This is one of no fewer than eight songs that Schubert wrote on this eventful day in October 1815. Of these, only one, Hektors Abschied
(Schiller), was not a setting of Kosegarten. Perhaps the story of Hector and Andromache put the composer in the mood for tackling the verse forms of the ancients. The two An Rosa
poems have a most complicated metre – Asclepiadic, much favoured by Horace though unheard-of in English poetry, and consisting of spondee, two or three coriambs and one iamb. This does not bend easily to musical treatment. The composer chooses a 3/4 time-signature for this music (marked Mässig, lieblich) which works surprisingly well apart from moments where unimportant words are stressed on the strong first beat of the bar ('Warum bist du nicht hier' at the beginning for example, or the word-ending ste' in bar 4).
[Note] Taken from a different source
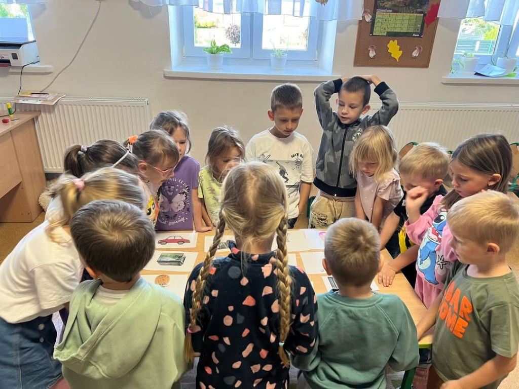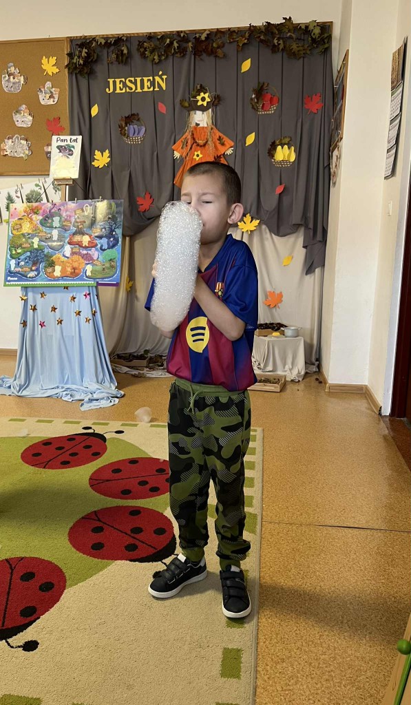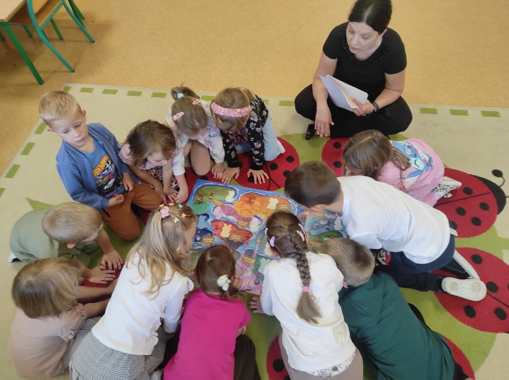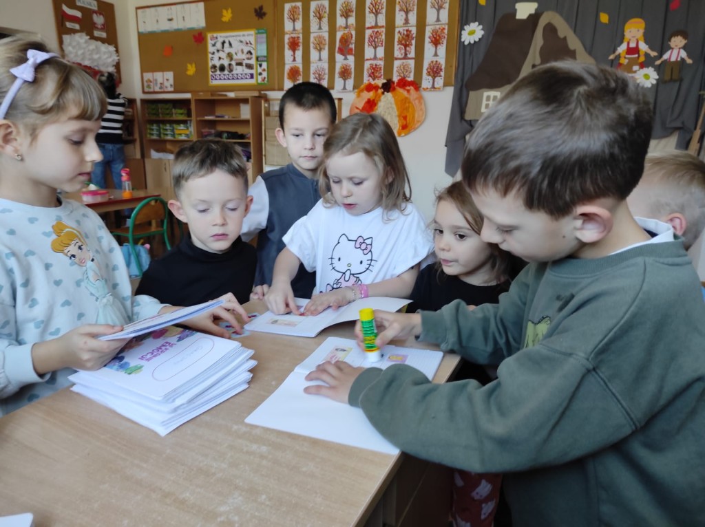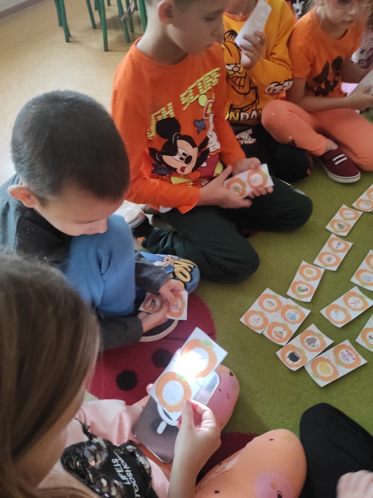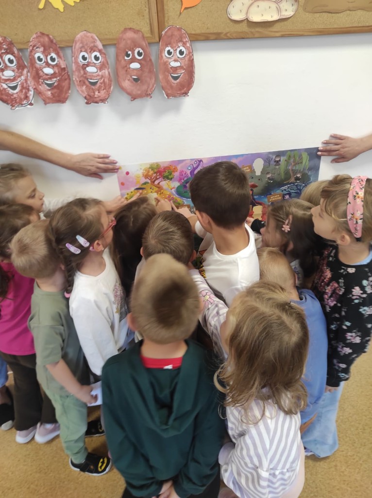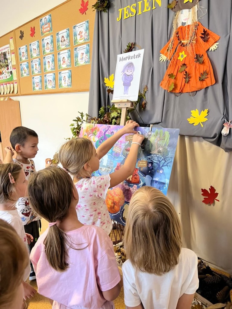 Z przyjemnością uczniowie realizowali zadania projektowe. Rozpoczęli od spaceru po okolicy. Obserwowali ptactwo nad stawem, zabytkowy kościół św. Idziego i szlakiem turystycznym skierowali się do pobliskiego lasu szukając zmian zachodzących w przyrodzie jesienią. Z przedmiotów natury stworzyli przyrodnicze mandale. Podczas realizacji zajęć na świeżym powietrzu uczniowie czytali lekturę poza budynkiem szkolnym. Kolejnym zrealizowanym zadaniem było wyjście w ciekawe miejsce. Ten czas uczniowie spędzili na wycieczce do Gospodarstwa Edukacyjnego „Owocowa Przystań”. Brali udział w warsztatach edukacyjnych „Jesienny sad”.

On the other hand 'dass mich mein Händedruck labe' is more than acceptable and the bar stresses here even add to the sense of longing, like gentle squeezes of the hand. The key is A flat which according to Reed is expressive of 'secret happiness and private joy, and with a secure and reciprocated love'. This astute observation links the Rosa songs with other romantic and intimate Lieder written in the same period and in the same tonality; one is reminded of certain Klopstock settings like An Sie
as well as Das Rosenband
written a few months earlier. Without achieving the fluency and memorability of that masterpiece (probably because of the intractable metre) the composer has recaptured something of the same tender sweetness. The four-bar postlude is particularly affecting: heartbeats depict the 'schlagendes Schwesterherz' in semi-staccato quavers, first in the right hand and then empathetically echoed in the left, the whole making a tender little colloquy in two parts which melt together for the final cadence.
Kosegarten actually wrote four poems entitled An Rosa. The first is tremendously long, as is the fourth, and Schubert did not attempt to set these. It was the second and third much shorter poems which were chosen to be put to music.